From the Revolution to the Bill of Rights and Beyond
From the Revolution to the Bill of Rights
When the American colonies rebelled against Great Britain, the rebels gave their reasons in the Declaration of Independence: "We hold these truths to be self-evident: that all men are created equal; that they are endowed, by their Creator, with certain unalienable rights; that among these are life, liberty, and the pursuit of happiness. That to secure these rights, governments are instituted among men, deriving their just powers from the consent of the governed." The rhetoric, of course, was more advanced than the reality. Blacks were held as slaves in the colonies, not even all white males would get the vote for another sixty years or so, and all women were disfranchised and deprived of important liberties. Still, rhetoric has a way of shaping reality. By the twentieth century America was closer to the ideals of the Declaration than it was in 1776. The words of the Declaration itself were a factor in bringing about the change.

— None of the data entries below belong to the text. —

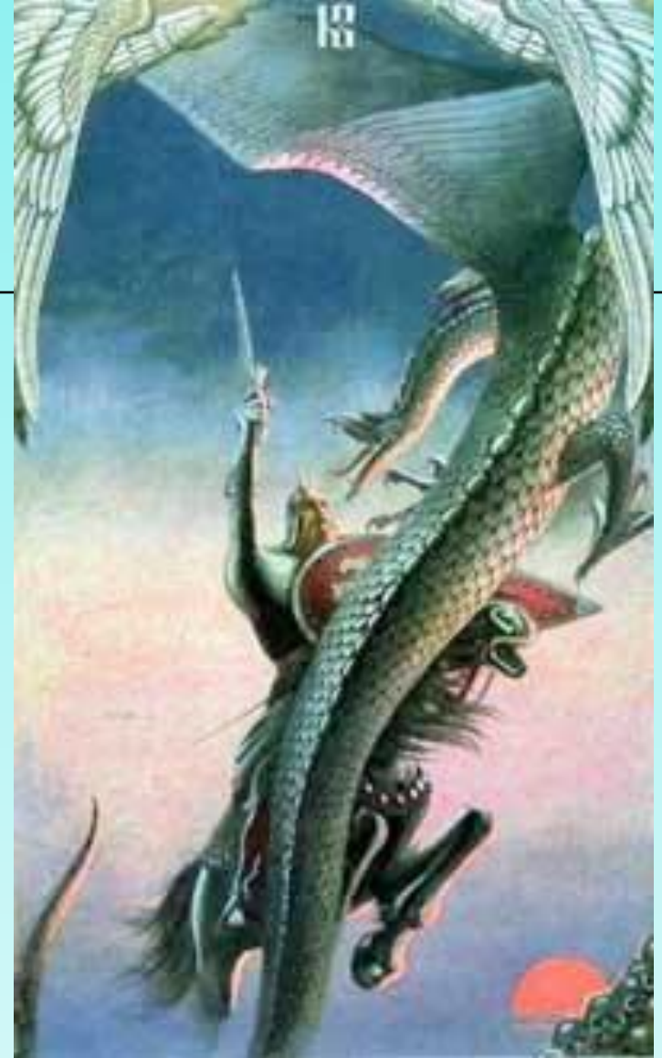
Виктор Васнецов «Бой Добрыни Никитича с семиглавым Змеем Горынычем»
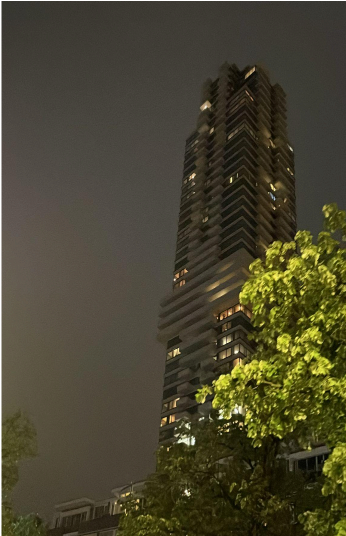
Amsterdam, con sus pintorescos canales y su rica historia, me cautivó con su encanto único.
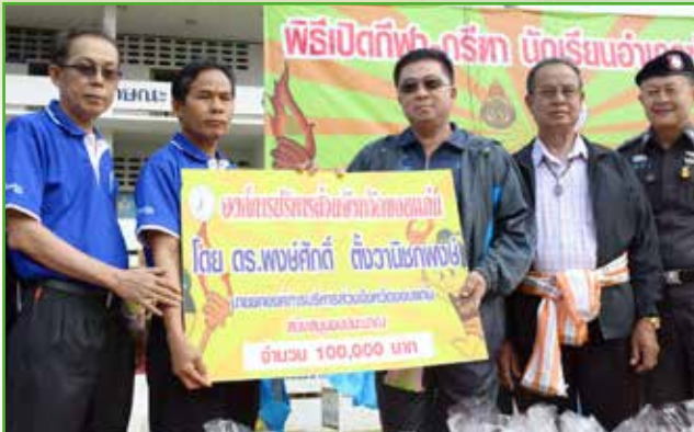
นายก อบจ.ขอนแก่น
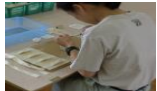
【作業に合わせた補助具】
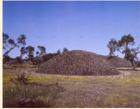
Formación de carboneras. Badajoz. 1987.
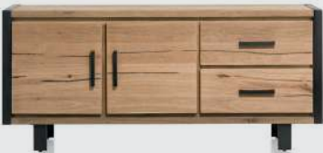
art. nr. 37150 DRESSOIR 2-deuren + 2-laden bxhxd 180x80x42 cm
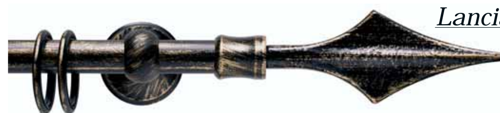
Lancia cod. FB121

Ø 20 mm strappo e tirocorda finitura ferro da 013 a 099 Ø 20 mm handdrawn and corded iron finishes from 013 to 099
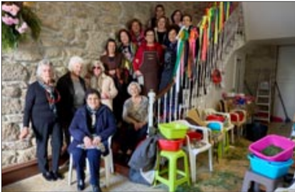
Portal Praza Maior 2
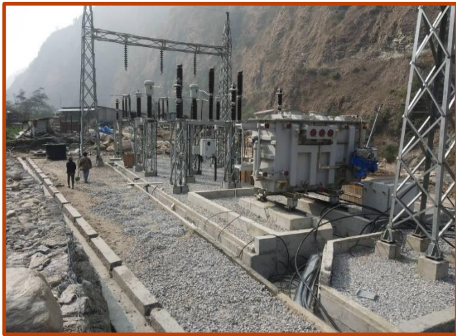
Power House Switch yard को कार्य प्रगति ।

आयोजनाको १३२ के.भी Transmission line को कार्य अर्न्तगत Tower foundation को कार्य सकिसकेको छ भने १५ वटा मध्ये १३ वटा Tower erection को कार्य सम्पन्न भईसकेको छ । त्यसैगरी आयोजनाको Transmission line जोडिने Singati Substation मा Switchyard र Bus bar को Foundation Complete भई Installation को कार्य भईरहेको छ ।

According to the Declaration, people have unalienable rights to liberty. The ideology of the revolutionary generation shaped the later American Bill of Rights. This revolutionary ideology combined and wove together both the natural rights of man and the historic rights of Englishmen. The colonists emphasized natural rights and historic liberties as a result of their view of government. Government was potentially hostile to human liberty and happiness. Power was essentially aggressive. The Continental Congress in its Address to the Inhabitants of Quebec quoted Marquis Beccaria:
"In every human society ... there is an effort, continually tending to confer on one part the heighth of power and happiness, and to reduce the other to the extreme of weakness and misery. The intent of good laws is to oppose this effort, and to diffuse their influence universally and equally."
Rulers, stimulated by this pernicious "effort," and subjects animated by the just "intent of opposing good laws against it," have occasioned that vast variety of events, that fill the histories of so many nations.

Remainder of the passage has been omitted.